Look at the following code:
(define (range-2 next-num max-num cur-list)
;;if we've added enough numbers return
(if (> next-num max-num)
cur-list
;; otherwise add the current number to the list and go onto the next one
(range-2
(+ 1 next-num)
max-num
(append cur-list (list next-num))
)))
But to get the function you wanted you need to start off with the constants you specified (ie 1), so lets create a convenience function for calling range with the starter values you need to set up the recursion, sometimes called priming the recursion:
(define (range X)
(range-2 1 X `() ))
You could do it without the second function using lambda, but this is pretty common style from what I've seen.

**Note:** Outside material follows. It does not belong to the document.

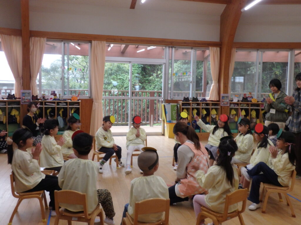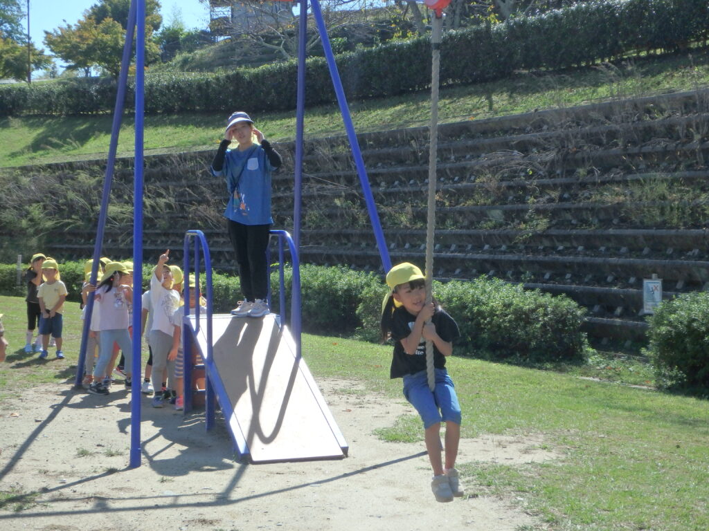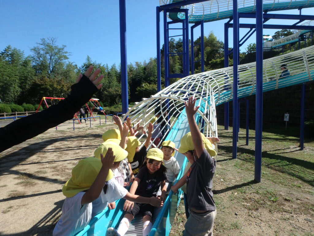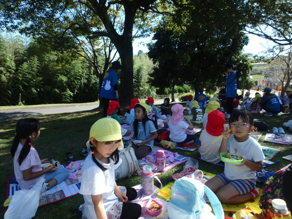 秋晴れのなか、亀山公園へ遠足に行きました。道を渡る時は、車やバイクなどが来ないかしっかりと見て、聞いて、安全に歩いて行くことができました。道々、商店街を通ると、帽子屋さんやおもちゃ屋さん、本屋さん、ご飯屋さん、病院もあり、出会った人には「こんにちは」と上手にあいさつもして行きました。長い距離でも頑張って歩いて行き、亀山公園へ到着し、ももぐみさんと合流しました。写真を撮ってもらい、約束事を聞いてからみんなで大きな遊具で遊び、どの子もとても楽しそうでした。たくさん遊んだ後は、手をきれいにしてお弁当タイム。青空の下でいただくお弁当はいつもより増して美味しそうに食べていました。おやつも友達と見せ合って嬉しそうに食べていました。どんぐりなどの木の実も拾い、たくさんの自然のなか、めいいっぱい遊び、楽しい遠足でした。

Once you've constructed a list of the numbers you need you just display it using
(display (range 10))
If you're using Racket you're in luck, you can use iterations and comprehensions, for instance in-range:
(define (iota x)
(for ([i (in-range 1 (add1 x))])
(printf "~a " i)))
Or for a more standard solution using explicit recursion - this should work in most interpreters:
(define (iota x)
(cond ((positive? x)
(iota (- x 1))
(display x)
(display " "))))
Either way, it works as expected:
(iota 10)
=> 1 2 3 4 5 6 7 8 9 10
(define iota2
(lambda (y)
(let loop ((n 1))
(if (<= n y)
(cons n (loop (+ n 1)))
'()))))
(define (iota x)
(if (>= x 1)
(begin
(iota (- x 1))
(display x)
(newline))))